Road Sprinkler includes the perhaps unfortunate and misleading statement that a district court can "properly treat as abandoned a claim alleged in the complaint but not even raised as a ground for summary judgment." 10 F.3d at 1568. A literal reading of this statement would mean that if a plaintiff moves for summary judgment on one of its claims, but not other claims, those other claims can be deemed abandoned. That cannot be what the Eleventh Circuit meant. To the contrary, in Road Sprinkler, the defendant moved for summary judgment on both of the plaintiff's theories for its case, namely, the successorship doctrine and alter ego. See id. The plaintiff failed to address the alter ego theory in its opposition brief, as noted by the court; the plaintiff also did not raise the theory in its own motion for summary judgment. See id. Under the circumstances, the Eleventh Circuit understandably concluded that the district court properly treated the plaintiff's alter ego theory "as abandoned" and that the theory was "no longer an issue in [the] case." Id.
Here, in contrast, Stryker's claim for attorney fees under § 285 was never put in issue before the district court: neither party moved for summary judgment on the issue. Furthermore, Stryker was not obligated to raise the issue in its motion for summary judgment of invalidity under § 102(b). For one, a claim for attorney fees under § 285 is a separate claim. Additionally, an award of attorney fees can only be made in "exceptional cases" and only to the "prevailing party." 35 U.S.C. § 285 (1994). Until the "prevailing party" is known, a party that has pled a claim for attorney fees under § 285 cannot be expected to bring a motion for such fees. See DH Tech., Inc. v.
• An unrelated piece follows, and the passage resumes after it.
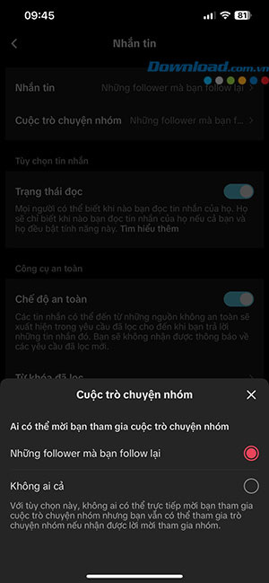 Ngoài ra, mọi người cũng có thể chọn Ai có thể mời bạn tham gia trò chuyện nhóm bằng cách chạm vào Cuộc trò chuyện nhóm và chọn Những follower mà bạn follow lại hoặc Không ai cả.

Synergystex Int'l, Inc., 154 F.3d 1333, 1345, 47 USPQ2d 1865, 1874 (Fed. Cir. 1998) (vacating the "district court's decision on exceptional case status because the issue cannot be addressed until there is a prevailing party").
Accordingly, we hold that the district court erred in concluding that Stryker abandoned its claim for attorney fees under § 285 by not raising the claim in its motion for summary judgment under § 102(b). Stryker appears to base its § 285 attorney fees claim on allegations in addition to those involving the sale considered here; we offer no opinion on those allegations, nor do we otherwise opine as to the merits of Stryker's § 285 claim. We also offer no opinion as to whether Stryker has adequately pled its § 285 claim.
The district court's judgment of invalidity is affirmed, the dismissal of Stryker's § 285 claim is vacated, and the case is remanded.
AFFIRMED-IN-PART, VACATED-IN-PART, AND REMANDED
The parties shall bear their own costs.